OPTICAL COMMUNICATIONS The present invention relates to optical communications. It has particular application to optical communications systems with wavelength selectivity, and to optical filters.

In optical systems it is frequently desired to filter out a particular wavelength. In order to make the most effective use of investment in communications media and networks, it is sought to use as much of potential bandwidth as possible. In optical systems, one way of improving use of available bandwidth is to multiplex a number of waves of different wavelengths, each carrying different signals, on a single waveguide.

There is an increasing need for optical wavelength filters to separate out different signals in optical wavelength multiplexed systems. In such systems, telephony signals may be carried at a wavelength around 1300nm, and video and other broadband signals at around 1550nm, and optical filters are needed to separate out the two bands of signals. For example, it may be desired to reject 1550nm so that signals at that wavelength do not adversely affect reception by a telephony customer's receiver, of telephony signals at 1300nm.
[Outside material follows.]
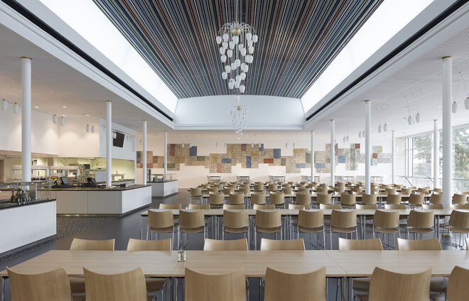 2018 wurde die Grundinstandsetzung des gesamten Gebäudeensembles mit der Sanierung und Modernisierung des sogenannten Kasinos, einer Mensa, die Mitarbeiter und Gäste versorgt, abgeschlossen. Mit dem Bestand ist das Kasino über einen nachts auffällig leuchtenden Gang verbunden. Eine Lichtskulptur entsteht. Trotz der umfangreichen Maßnahmen bleibt der Charakter der 50er Jahre in vielen Details der Materialien, Proportionen und Ausstattungen wie die markanten roten kleinen Mosaiksteine als Wandbesatz oder das Wandmosaik und der imposante Leuchter im Saal erhalten.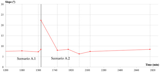 Timeline for mean beach shoreface slope. The vertical black line represents the transition between scenarios A.1 and A.2. The vertical black dashed lines represent the instants when the equipment was stopped.

It is expected that such systems will have widespread commercial use. Optical filters will need to be cheap to manufacture in bulk and to have good performance characteristics. For certain applications, a good rejection ratio will be important; that is, the ratio of desired signal transmitted to undesired signal rejected will be very large. In different wavelength multiplexed systems, different wavelengths will be used for transmission depending on the optical sources and receivers used, and the nature of the systems. It will be convenient to be able to manufacture filters adapted to transmit well in a selected wavelength region, and to reject effectively in another desired region, so that the system will not be constrained by the availability of suitable filters.

One system which requires optical filters at customers' premises is the present applicants' Passive Optical Network (PON) described in British Telecom Technology Journal, April 1989, Volume 7 No 2, pages 89-99. One approach which is described is to transmit a set of time division multiplexed (TDM) telephony signals. These signals are at a wavelength of around 1300nm and are carried on a single optical fibre from an exchange. A sequence of passive splitters is used to feed the full set of TDM signals to individual customers. The bits for a given customer aretime accessed for him at his receiver. In addition to TDM telephony signals, the system is used for transmitting broadband signals to those customers who have subscribed to a broadband service. These signals are carried at around 1550nm, together with some maintenance signals.An optical filter adjacent to the customer' s telephony receiver enables the network operator to provide the customer with telephony signals, but filters-out maintenance and broadband signals.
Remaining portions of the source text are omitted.